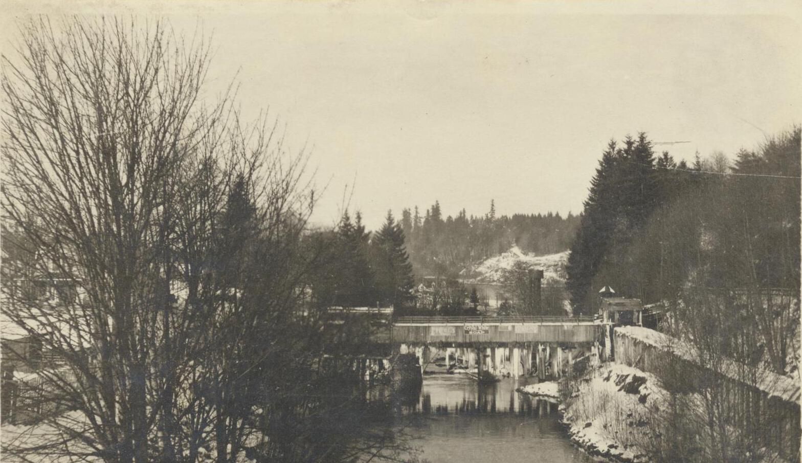 Photograph. Deschutes River, showing middle falls/dam and penstock feeding water to #2 power house.
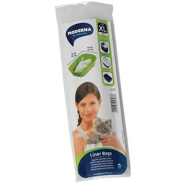 Пакети для котячого лотка Moderna Liner Bags XL сприяють підтримці чистоти та гігієни. Вони значно полегшують догляд за котячим туалетом: лоток залишається завжди чистим, а також спрощується процес повної заміни наповнювача. Спочатку на дно лотка стелиться пакет, потім насипається наповнювач, пакет фіксується бортиком або кришкою.
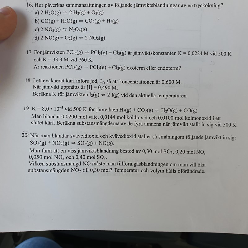Problemet jag tänker är att det står att jämviktsblandning bestod av 0,30 mol SO3, 0,20 mol NO, 0,050 mol NO2 och 0,40 mol SO2. Detta är vid jämvikt, inte innan jämvikt. Ska man gå tvärt om? Som så, hur?
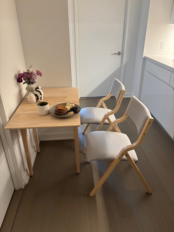 The apartment has a modern Italian kitchen with dishwasher and plenty of cabinets, a spacious bathroom and small dining area.
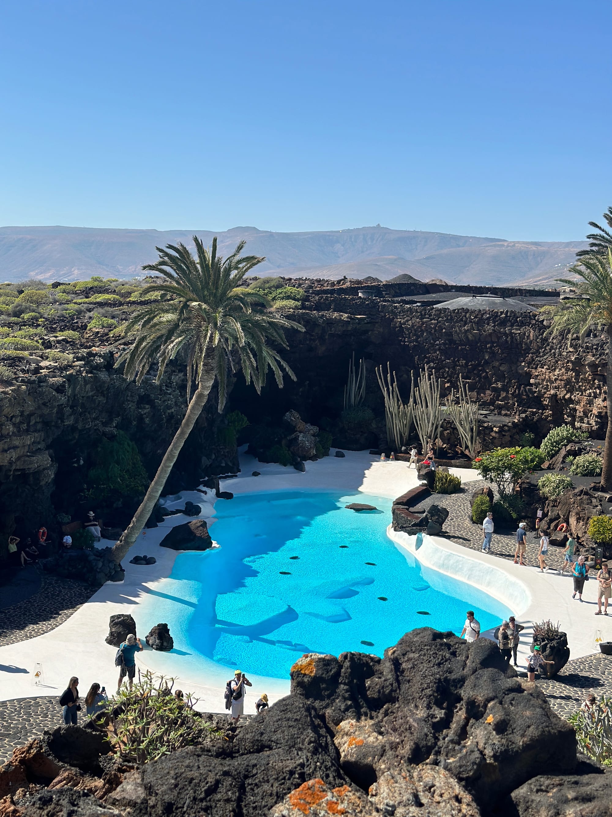 Nakon doručka otišli smo u Jameos del Agua, podzemne špilje pretvorene u kulturni centar. Također djelo Césara Manriquea. U unutrašnjosti se nalazi jezero s rijetkim bijelim rakovima, a ambijent je jednostavno magičan. Ovaj jedinstveni kompleks, nastao je unutar niza vulkanskih špilja formiranih erupcijom vulkana Monte Corona, prije nekoliko tisuća godina. Kompleks je poseban i po bazenu koji se nalazi s gorenja strane, a tu je i koncertna dvorana unutar špilje. Unutar kompleksa nalazi se i Museo de los Volcanes. Interaktivan muzej posvećen proučavanju i očuvanju vulkanskog naslijeđa otoka, pružajući posjetiteljima dubinsko razumijevanje geoloških procesa koji su oblikovali Lanzarote. Muzej se sastoji od deset tematskih prostorija. Najzanimljiviji dio je VR putovanje kroz lava tunel koji je ukupno dug 6 kilometara, od čega se najmanje jedan i pol kilometara nalazi pod vodom, zbog čega je dobio naziv Tunel Atlantide. Cijena ulaznice je 15 €, odnosno 20 € ako želite posjetiti i muzej. Preporučujem da ulaznicu kupite online jer može biti gužva na blagajni pa da ne čekate. Ovo je jedino mjesto gdje su gužve i gdje je dobro ulaznice kupiti unaprijed.
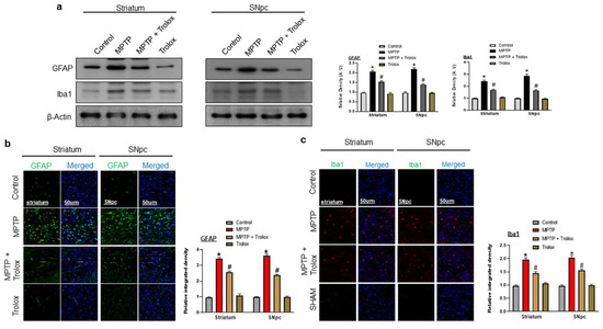 The MPTP-treated mice reported activated astrocytosis and microgliosis [23]. In the PD brain, a small amount of α synuclein protein is released from neuronal cells, is taken by glial cells, and induces the expression of genes that are associated with immune functions [24]. Iba1 (ionized calcium-binding adaptor protein-1), and GFAP (glial fibrillary acidic protein) are two specific markers of activated microglial and astrocytic cells in the brain, respectively [25]. We also evaluated the effects of Trolox on activated glial cells. Our western blot results showed an increased expression of GFAP and Iba1 in MPTP-injected mice. However, this effect was significantly reversed by treatment with Trolox (Figure 5a). We confirmed our results further through confocal microscopy, which showed an increased immunoreactivity of GFAP and Iba1 in the striatum and SNpc of PD mouse models, while Trolox treatment substantially decreased this expression (Figure 5b,c).
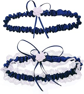 JZK Bleu Foncé Dentelle Bleue Satin Jarretière de Mariée Ensemble pour Accessoires de Mariée pour Jour du Mariage Partie de Poule Mariée pour Faire Fête Cadeaux de Douche Nuptiale pour Mariée
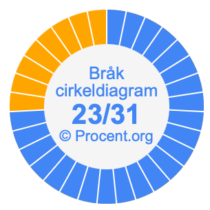 Dessutom kommer vi också att illustrera bråket 23/31 i ett cirkeldiagram och 23/31 som procent i ett cirkeldiagram.
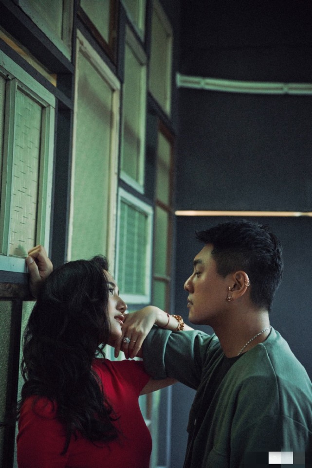 照片中,韩雯雯化着精致妆容,波浪卷发型女人味十足,一袭红装惹火惊艳,的确是很美啦。而朱孝天则戴上酷酷的耳饰,瞬间充满炫酷感。夫妻俩还上演了一出甜蜜壁咚,对视画面甜炸屏。
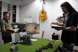 Lonkero had very small force on the field. He had noble on great eagle(griffon model) and unit of swordmasters on left here and unit of sea guard on right. Before the game I was high spirited and mocked his army as Rantalokit :D If he said anything back my selective memory erased it rather quickly.
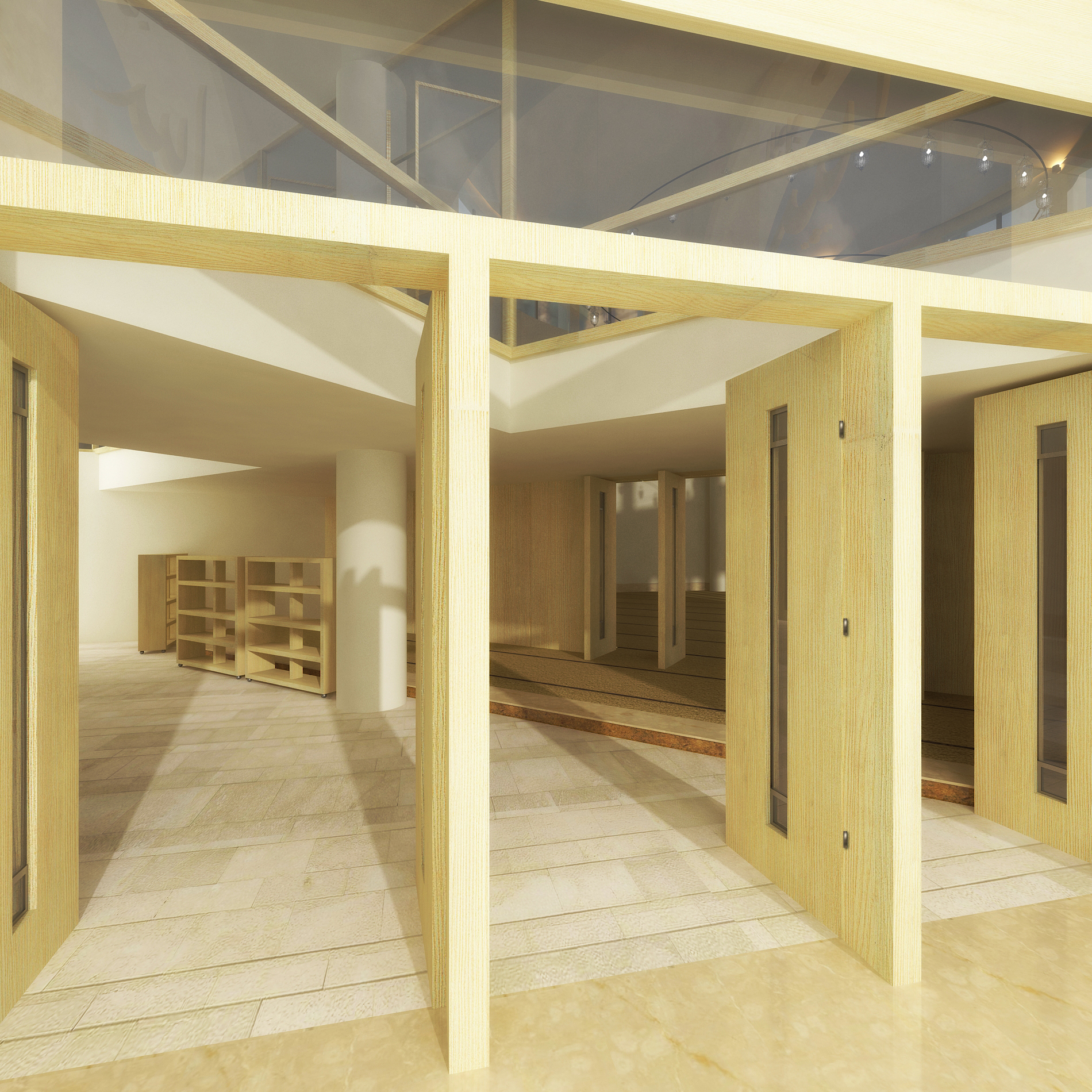 Mekân kurgusu olarak, kübik yalın geometri tercih edilmiştir.
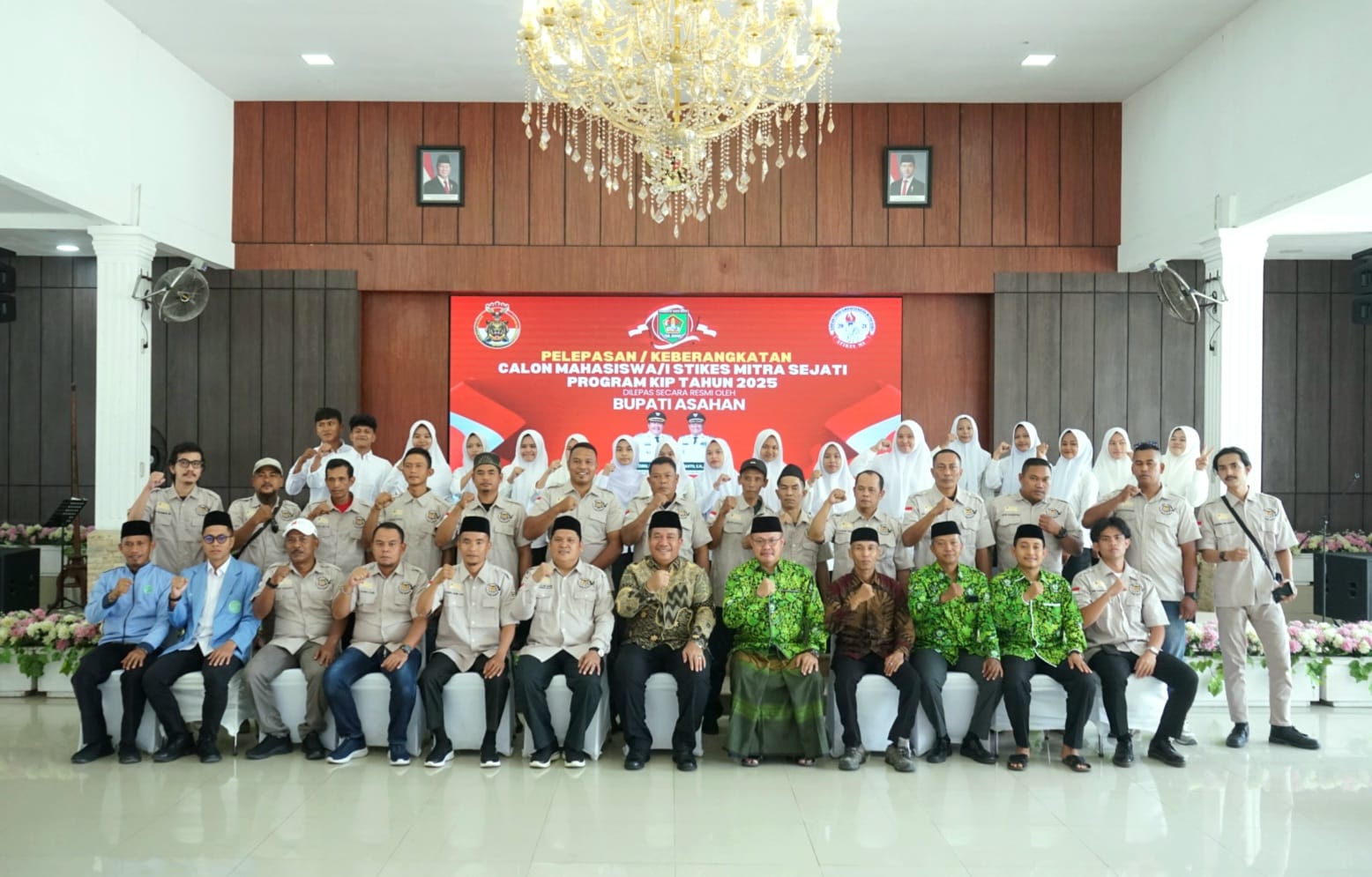 Bupati Asahan, Taufik Zainal Abidin, S.Sos., M.Si, melepas keberangkatan 17 calon mahasiswa/i asal Asahan yang diterima di STIKES Mitra Sejati Medan melalui Program KIP Tahun 2025 di pendopo rumah Dinas Bupati Asahan, Minggu (7/9) lalu.

▶ WHAT IS REQUIRED:
Starting at the line above that contains "照片中,韩雯雯化着精致妆容,波浪卷发型女", transcribe every line exactly through the line that contains "Mekân kurgusu olarak, kübik", including that last one, and skip the pictures.

▶ THE COMPLETED TASK:
 照片中,韩雯雯化着精致妆容,波浪卷发型女人味十足,一袭红装惹火惊艳,的确是很美啦。而朱孝天则戴上酷酷的耳饰,瞬间充满炫酷感。夫妻俩还上演了一出甜蜜壁咚,对视画面甜炸屏。
 Lonkero had very small force on the field. He had noble on great eagle(griffon model) and unit of swordmasters on left here and unit of sea guard on right. Before the game I was high spirited and mocked his army as Rantalokit :D If he said anything back my selective memory erased it rather quickly.
 Mekân kurgusu olarak, kübik yalın geometri tercih edilmiştir.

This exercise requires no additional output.